Assigned task: Type out the data exactly as given. Skip any image.

Input data:
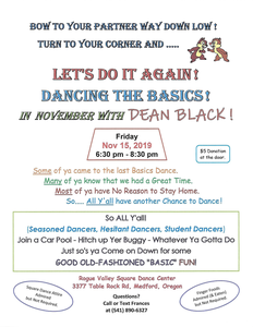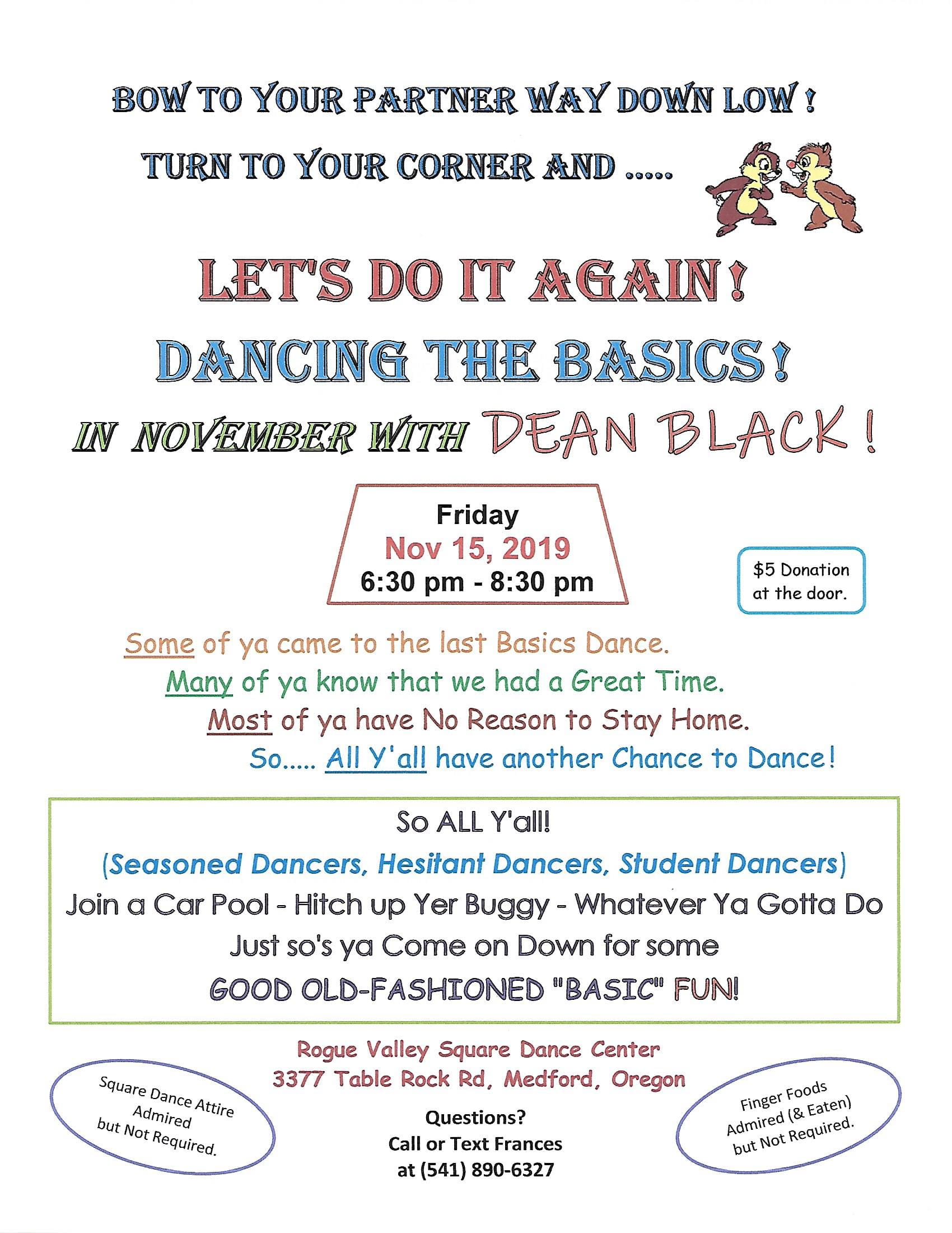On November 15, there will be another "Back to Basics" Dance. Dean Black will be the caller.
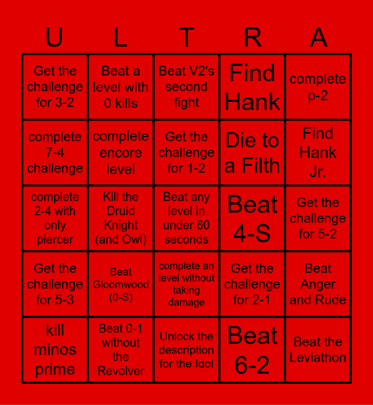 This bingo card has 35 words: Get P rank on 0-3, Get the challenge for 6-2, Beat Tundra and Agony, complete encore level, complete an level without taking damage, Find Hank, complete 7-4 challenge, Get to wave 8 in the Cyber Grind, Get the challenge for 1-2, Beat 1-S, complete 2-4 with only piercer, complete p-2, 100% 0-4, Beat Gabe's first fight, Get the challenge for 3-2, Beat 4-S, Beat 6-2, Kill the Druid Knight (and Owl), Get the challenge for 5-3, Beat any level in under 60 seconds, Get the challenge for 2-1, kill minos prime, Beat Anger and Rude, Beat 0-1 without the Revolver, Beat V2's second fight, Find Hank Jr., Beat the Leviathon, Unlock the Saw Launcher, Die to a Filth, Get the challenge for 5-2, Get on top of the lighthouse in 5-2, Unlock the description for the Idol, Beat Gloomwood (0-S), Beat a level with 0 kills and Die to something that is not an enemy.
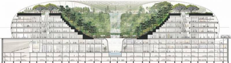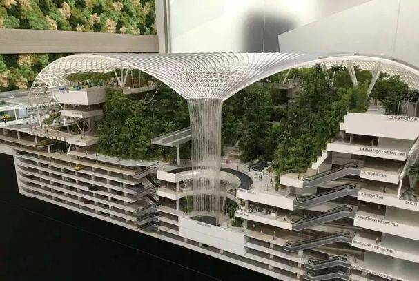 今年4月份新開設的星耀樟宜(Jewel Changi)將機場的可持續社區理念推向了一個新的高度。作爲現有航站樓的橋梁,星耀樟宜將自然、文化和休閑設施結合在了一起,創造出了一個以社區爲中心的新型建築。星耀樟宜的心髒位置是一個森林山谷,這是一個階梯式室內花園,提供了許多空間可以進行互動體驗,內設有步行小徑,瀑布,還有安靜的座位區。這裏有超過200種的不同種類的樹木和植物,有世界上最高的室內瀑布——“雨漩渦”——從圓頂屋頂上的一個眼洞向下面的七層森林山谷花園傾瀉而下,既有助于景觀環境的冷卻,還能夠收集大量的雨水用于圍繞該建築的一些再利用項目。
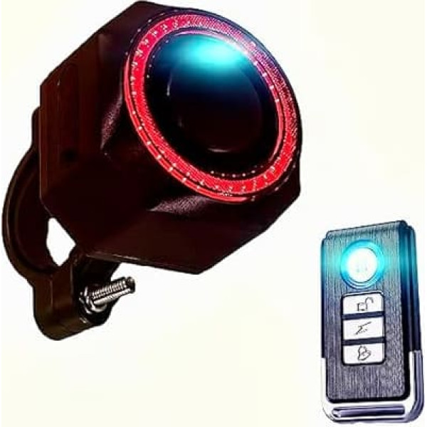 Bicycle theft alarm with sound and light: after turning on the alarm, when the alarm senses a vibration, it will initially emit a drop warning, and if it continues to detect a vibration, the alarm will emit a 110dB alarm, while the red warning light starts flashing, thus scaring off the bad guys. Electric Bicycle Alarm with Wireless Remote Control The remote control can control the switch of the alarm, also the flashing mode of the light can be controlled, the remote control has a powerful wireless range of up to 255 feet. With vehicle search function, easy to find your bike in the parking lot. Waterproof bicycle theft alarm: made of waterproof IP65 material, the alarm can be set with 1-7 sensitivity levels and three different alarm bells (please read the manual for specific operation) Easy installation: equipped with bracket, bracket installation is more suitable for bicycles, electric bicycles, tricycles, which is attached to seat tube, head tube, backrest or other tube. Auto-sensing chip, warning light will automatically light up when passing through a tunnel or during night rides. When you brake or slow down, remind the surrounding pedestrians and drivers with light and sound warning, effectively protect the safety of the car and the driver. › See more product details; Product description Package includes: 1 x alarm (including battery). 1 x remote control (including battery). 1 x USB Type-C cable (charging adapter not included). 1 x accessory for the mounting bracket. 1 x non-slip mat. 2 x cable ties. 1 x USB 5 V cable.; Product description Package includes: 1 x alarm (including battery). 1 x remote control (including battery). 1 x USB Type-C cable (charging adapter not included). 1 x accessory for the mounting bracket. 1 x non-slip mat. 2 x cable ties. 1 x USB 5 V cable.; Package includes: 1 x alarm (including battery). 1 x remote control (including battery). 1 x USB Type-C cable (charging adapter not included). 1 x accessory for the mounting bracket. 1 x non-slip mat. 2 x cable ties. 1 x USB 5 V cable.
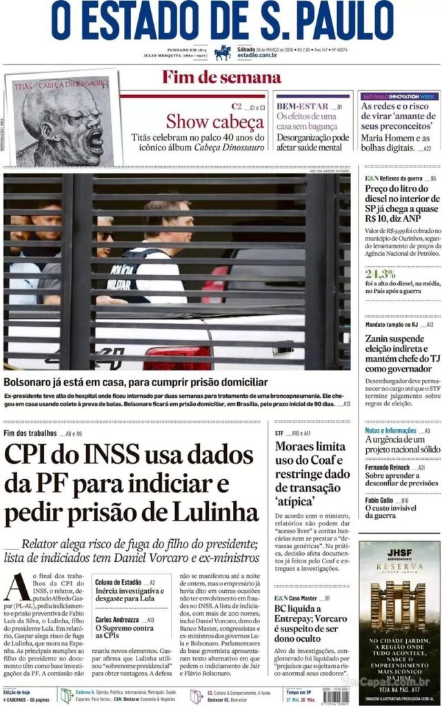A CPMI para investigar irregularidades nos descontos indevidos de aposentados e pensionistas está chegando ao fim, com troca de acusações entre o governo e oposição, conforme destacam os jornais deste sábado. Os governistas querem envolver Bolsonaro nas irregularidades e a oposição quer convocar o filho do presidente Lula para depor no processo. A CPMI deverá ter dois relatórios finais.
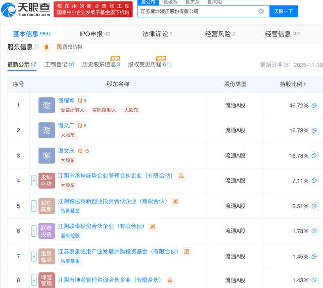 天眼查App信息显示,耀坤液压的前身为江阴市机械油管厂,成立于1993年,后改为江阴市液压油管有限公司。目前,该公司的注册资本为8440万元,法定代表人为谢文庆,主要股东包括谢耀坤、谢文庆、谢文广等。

Output of the task:
On November 15, there will be another "Back to Basics" Dance. Dean Black will be the caller.
 This bingo card has 35 words: Get P rank on 0-3, Get the challenge for 6-2, Beat Tundra and Agony, complete encore level, complete an level without taking damage, Find Hank, complete 7-4 challenge, Get to wave 8 in the Cyber Grind, Get the challenge for 1-2, Beat 1-S, complete 2-4 with only piercer, complete p-2, 100% 0-4, Beat Gabe's first fight, Get the challenge for 3-2, Beat 4-S, Beat 6-2, Kill the Druid Knight (and Owl), Get the challenge for 5-3, Beat any level in under 60 seconds, Get the challenge for 2-1, kill minos prime, Beat Anger and Rude, Beat 0-1 without the Revolver, Beat V2's second fight, Find Hank Jr., Beat the Leviathon, Unlock the Saw Launcher, Die to a Filth, Get the challenge for 5-2, Get on top of the lighthouse in 5-2, Unlock the description for the Idol, Beat Gloomwood (0-S), Beat a level with 0 kills and Die to something that is not an enemy.
 今年4月份新開設的星耀樟宜(Jewel Changi)將機場的可持續社區理念推向了一個新的高度。作爲現有航站樓的橋梁,星耀樟宜將自然、文化和休閑設施結合在了一起,創造出了一個以社區爲中心的新型建築。星耀樟宜的心髒位置是一個森林山谷,這是一個階梯式室內花園,提供了許多空間可以進行互動體驗,內設有步行小徑,瀑布,還有安靜的座位區。這裏有超過200種的不同種類的樹木和植物,有世界上最高的室內瀑布——“雨漩渦”——從圓頂屋頂上的一個眼洞向下面的七層森林山谷花園傾瀉而下,既有助于景觀環境的冷卻,還能夠收集大量的雨水用于圍繞該建築的一些再利用項目。
 Bicycle theft alarm with sound and light: after turning on the alarm, when the alarm senses a vibration, it will initially emit a drop warning, and if it continues to detect a vibration, the alarm will emit a 110dB alarm, while the red warning light starts flashing, thus scaring off the bad guys. Electric Bicycle Alarm with Wireless Remote Control The remote control can control the switch of the alarm, also the flashing mode of the light can be controlled, the remote control has a powerful wireless range of up to 255 feet. With vehicle search function, easy to find your bike in the parking lot. Waterproof bicycle theft alarm: made of waterproof IP65 material, the alarm can be set with 1-7 sensitivity levels and three different alarm bells (please read the manual for specific operation) Easy installation: equipped with bracket, bracket installation is more suitable for bicycles, electric bicycles, tricycles, which is attached to seat tube, head tube, backrest or other tube. Auto-sensing chip, warning light will automatically light up when passing through a tunnel or during night rides. When you brake or slow down, remind the surrounding pedestrians and drivers with light and sound warning, effectively protect the safety of the car and the driver. › See more product details; Product description Package includes: 1 x alarm (including battery). 1 x remote control (including battery). 1 x USB Type-C cable (charging adapter not included). 1 x accessory for the mounting bracket. 1 x non-slip mat. 2 x cable ties. 1 x USB 5 V cable.; Product description Package includes: 1 x alarm (including battery). 1 x remote control (including battery). 1 x USB Type-C cable (charging adapter not included). 1 x accessory for the mounting bracket. 1 x non-slip mat. 2 x cable ties. 1 x USB 5 V cable.; Package includes: 1 x alarm (including battery). 1 x remote control (including battery). 1 x USB Type-C cable (charging adapter not included). 1 x accessory for the mounting bracket. 1 x non-slip mat. 2 x cable ties. 1 x USB 5 V cable.
A CPMI para investigar irregularidades nos descontos indevidos de aposentados e pensionistas está chegando ao fim, com troca de acusações entre o governo e oposição, conforme destacam os jornais deste sábado. Os governistas querem envolver Bolsonaro nas irregularidades e a oposição quer convocar o filho do presidente Lula para depor no processo. A CPMI deverá ter dois relatórios finais.
 天眼查App信息显示,耀坤液压的前身为江阴市机械油管厂,成立于1993年,后改为江阴市液压油管有限公司。目前,该公司的注册资本为8440万元,法定代表人为谢文庆,主要股东包括谢耀坤、谢文庆、谢文广等。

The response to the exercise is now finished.